Mechanical properties of carrot fruit in the shear test

Parameters	Mean	Max	Min	SD	CV %
Shear modulus (N/mm2)	0.014	0.016	0.013	0.001	7.14
F B (N)	41.14	44.40	37.80	2.40	5.83
T B (N/mm2)	0.0017	0.0018	0.0016	0.00007	4.11
νB (mm)	11.82	12.80	10.80	0.74	6.26

CONCLUSION

In addition to the importance of studying physical and mechanical properties in minimizing mechanical damage, these properties are considered as the basic data in designing the machinery and equipment used during the harvesting and in the postharvesting operations.

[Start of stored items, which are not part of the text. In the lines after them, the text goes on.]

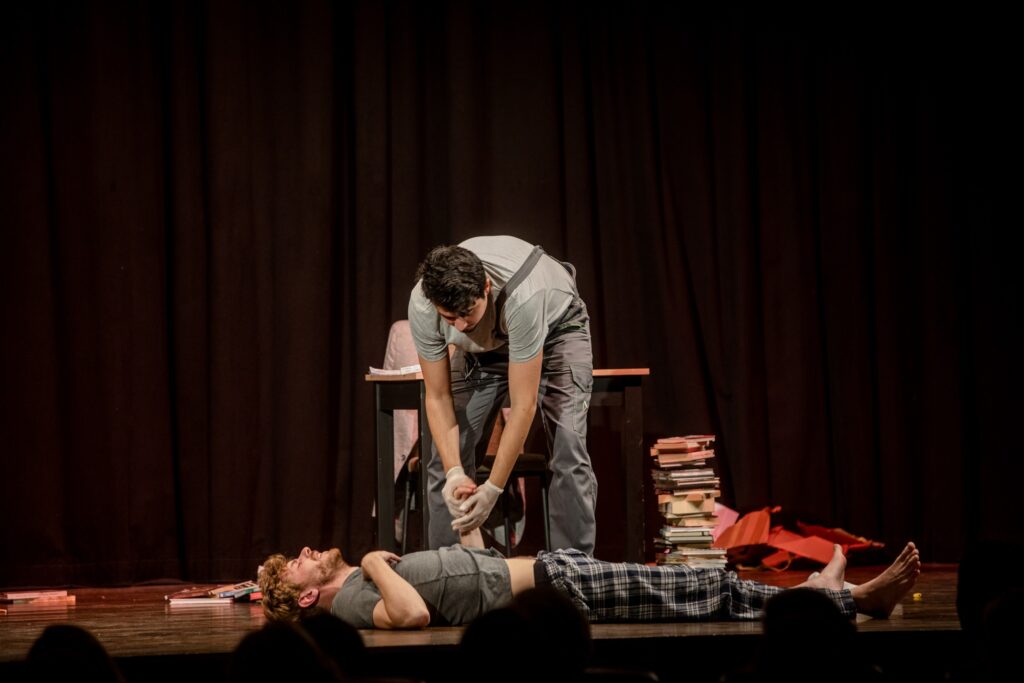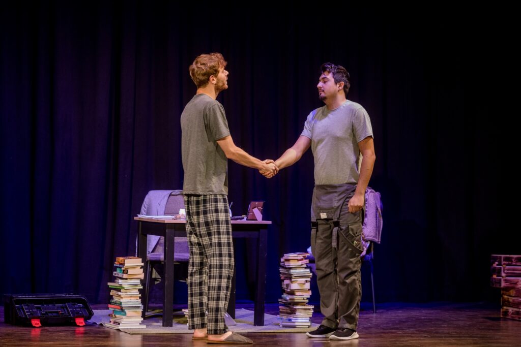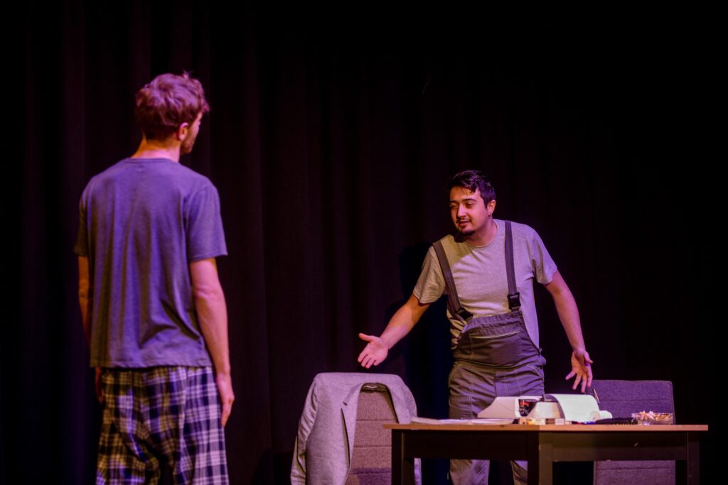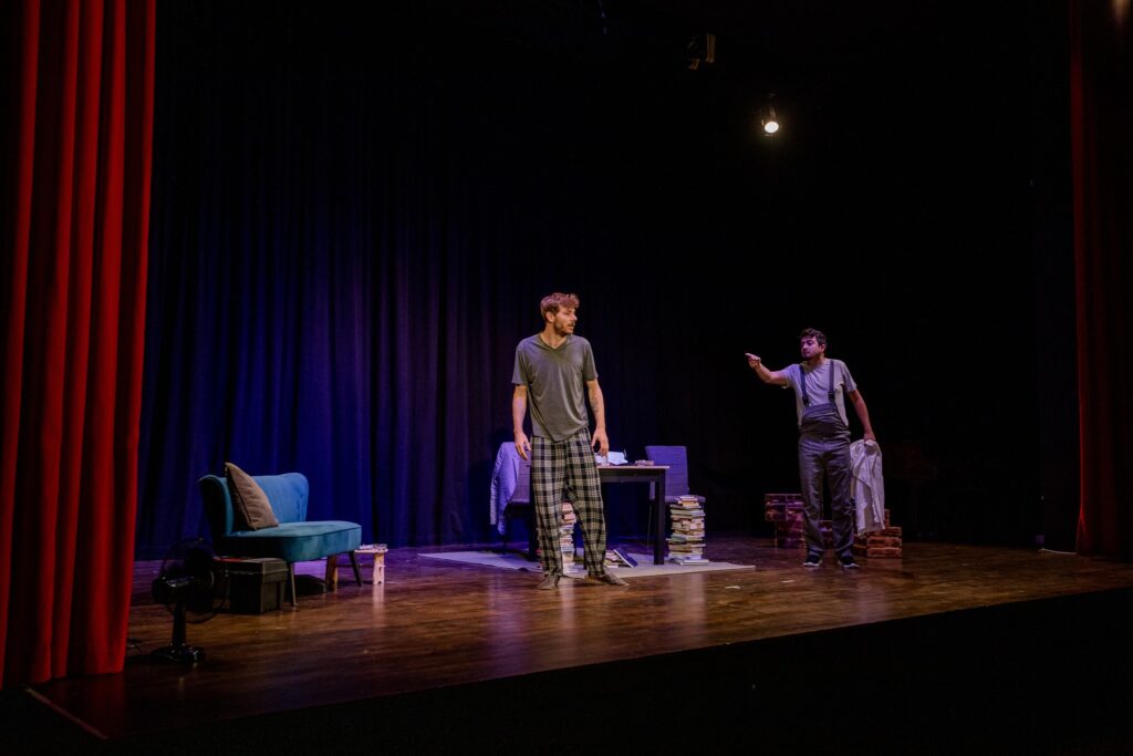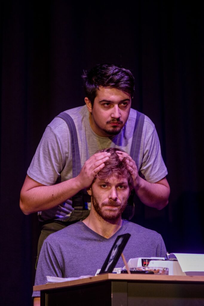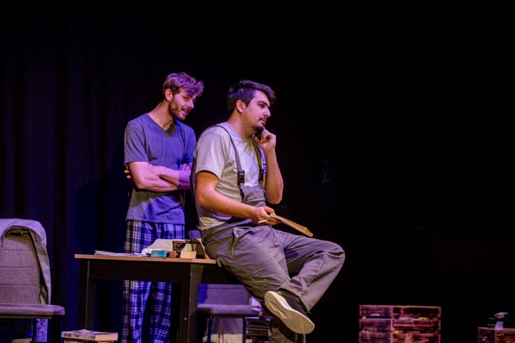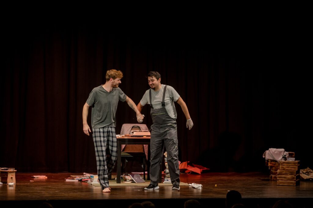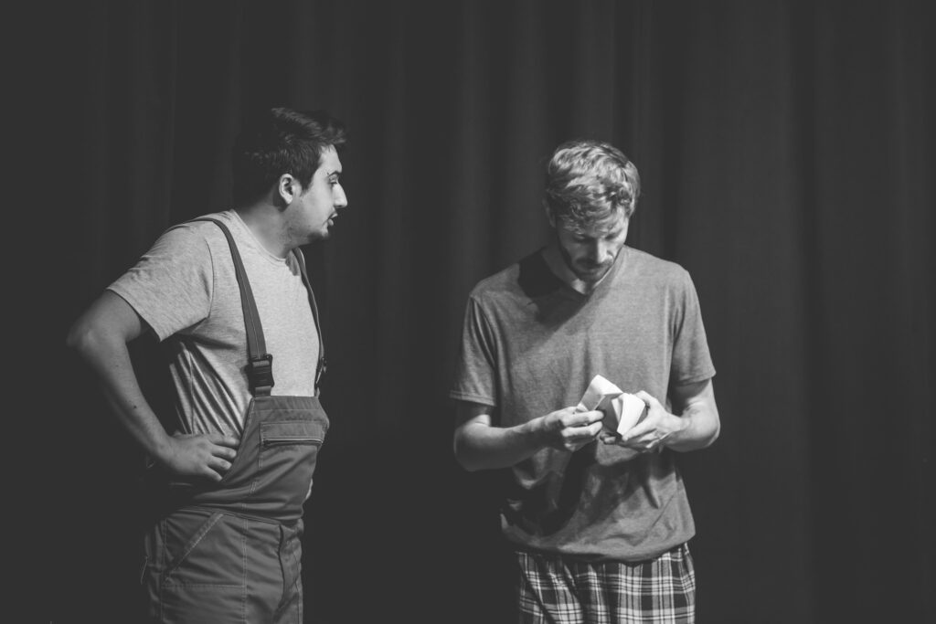 U predstavi su igrala dva mlada glumca, Konstantin Haag i Faris Pinjo, također dva različita glumačka habitusa, a opet obojica pobornici psihološkog realizma s izrazito romantičnim pogledom na teatar. Dva zanesenjaka komedijom i poznata televizijska lica.
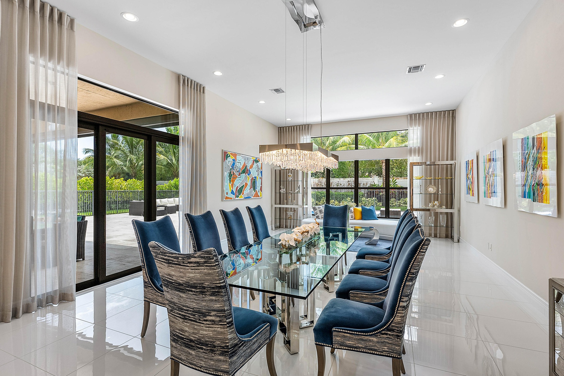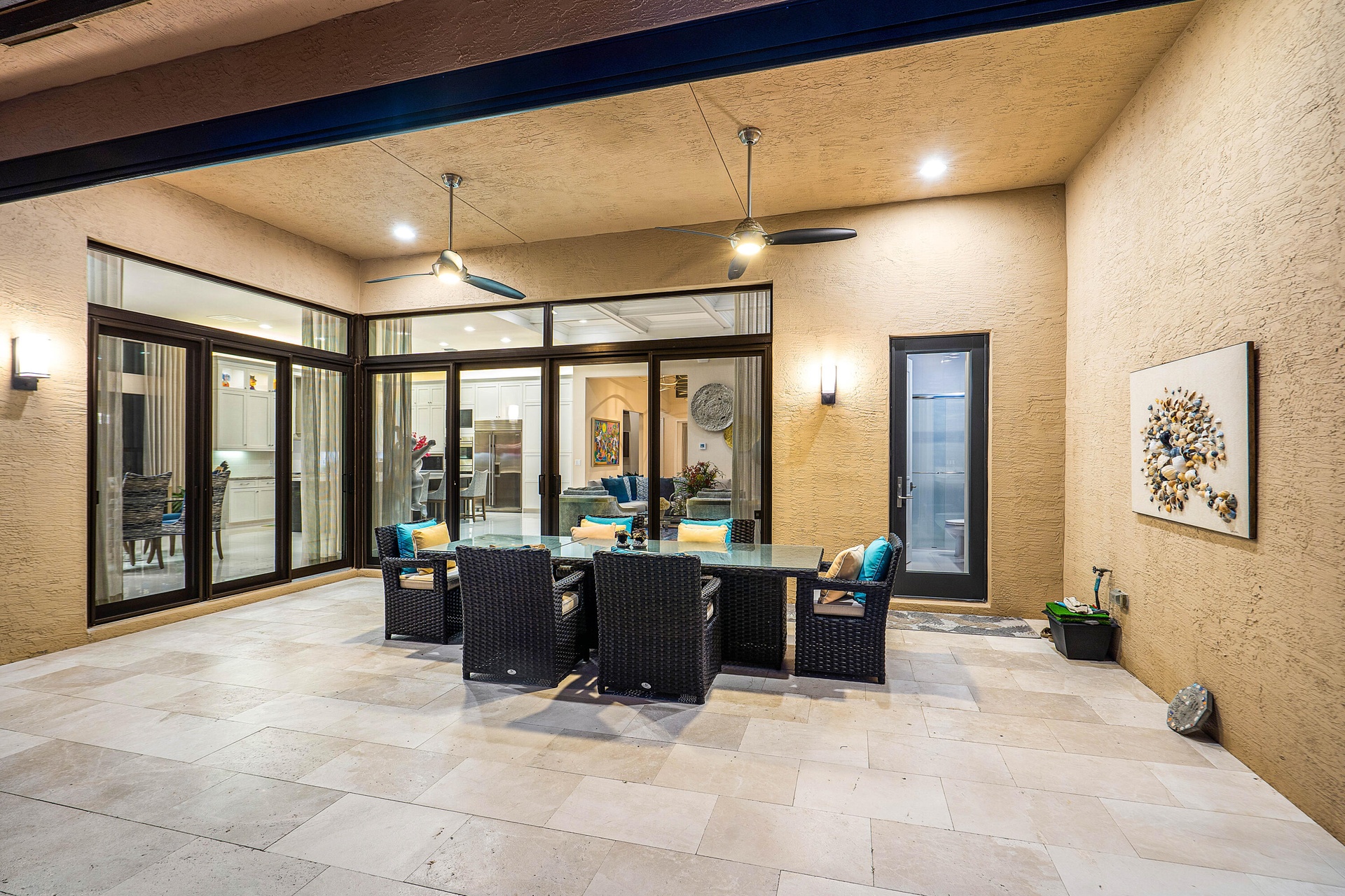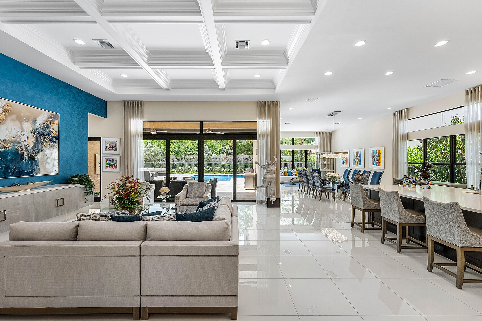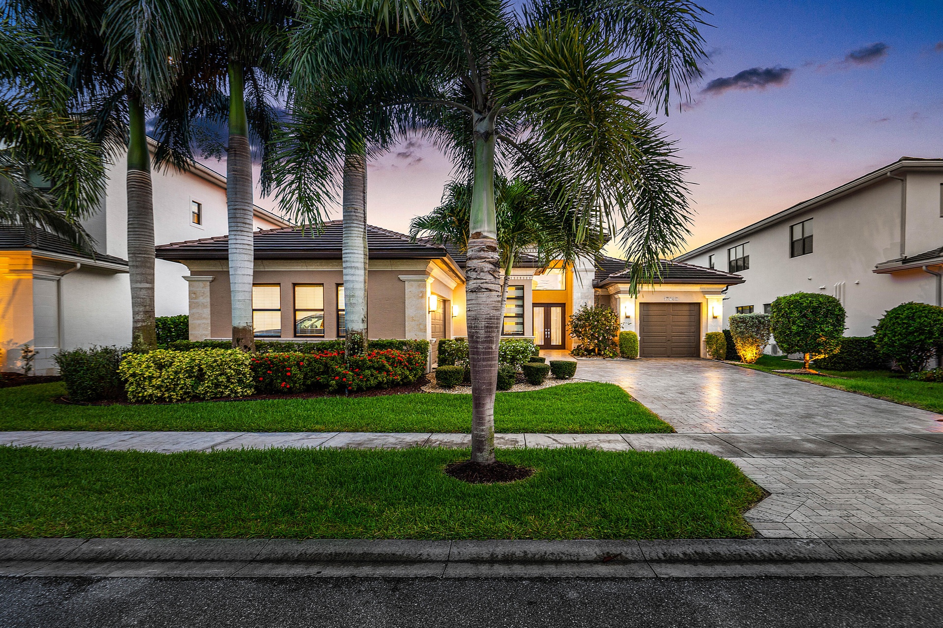 Welcome to 17442 Rosella Rd -- an exceptional Murano Model from the Coastal Collection, now being offered for the first time in the prestigious Boca Bridges. This expansive one-story residence spans 3,792+/- sq ft under air and showcases designer upgrades far beyond builder finishes. Perfectly positioned on a quiet cul-de-sac with ideal southern exposure, the home is light, bright, and thoughtfully appointed. Soaring ceilings with detailed coffered designs add architectural elegance, while custom landscape lighting brings the property to life after sunset.The heart of the home features a gourmet kitchen with Sub-Zero appliances, double wall ovens, and an oversized island overlooking the open-concept living space and dining/club room -- all seamlessly connected to the backyard. The
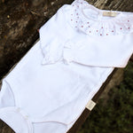 Manica lunga con piccola rouches, abbottonatura per cambio pannolino, bottoncini sul retro per indossarlo più facilmente
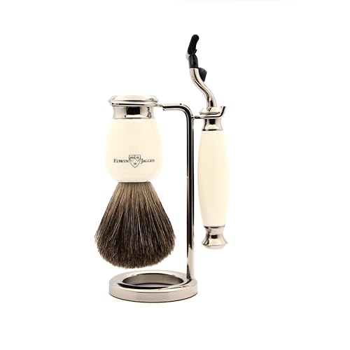 Edwin Jagger Rakning present set – Pure Badger Dachshaar-rakborste, Gillette Mach 3 rakhyvlar, nickelpläterade stativ, elfenbensininimitation, 1-pack (1 x 1 styck)
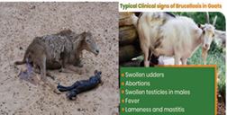 Clinical signs in animals: In animals, brucellosis can persist as a latent infection for several years, with clinical signs typically associated with the reproductive system. In females, the disease often presents as abortion during the third trimester, weak newborns, retained placenta, endometritis, and reduced milk production (Figure 4). In highly susceptible, unvaccinated pregnant animals, abortion after the fifth month of gestation is a hallmark sign. Although animals that abort due to brucellosis usually develop immunity, they often remain carriers and may continue to shed large numbers of Brucella organisms in fetal fluids during subsequent calvings [45].
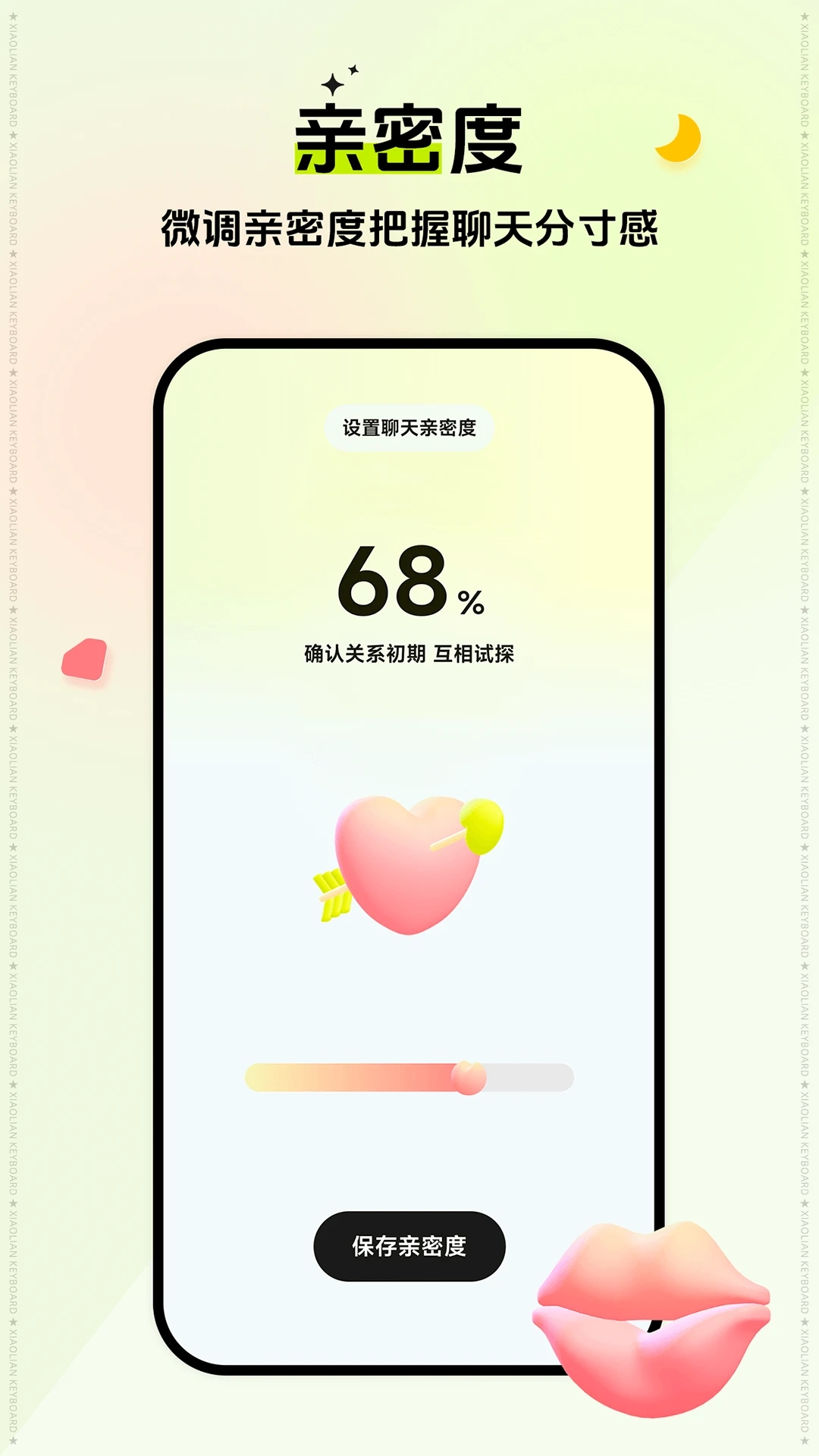 小恋键盘是一款出色的聊天服务软件,用户能轻松开展聊天交流,还可个性化定制人设,让键盘交流体验更佳,为生活增添轻松感,快速完成交流输入。软件操作简单易上手,亲密度设置也能轻松搞定,助力畅快聊天,快来体验便捷输入吧!

In examining mechanical properties, the maximum force required in bruising, bending and shearing tests of the carrot fruit were 71.90, 48.60, and 41.14 N respectively.

In comparison to the shear module obtained in previous studies, the high shear module for carrot fruit in this study (0.00324 N/mm2) shows its high resistance against shear strain.

CONFLICT OF INTEREST

The authors have declared no conflict of interest.

ETHICAL REVIEW

This study does not involve any human or animal testing.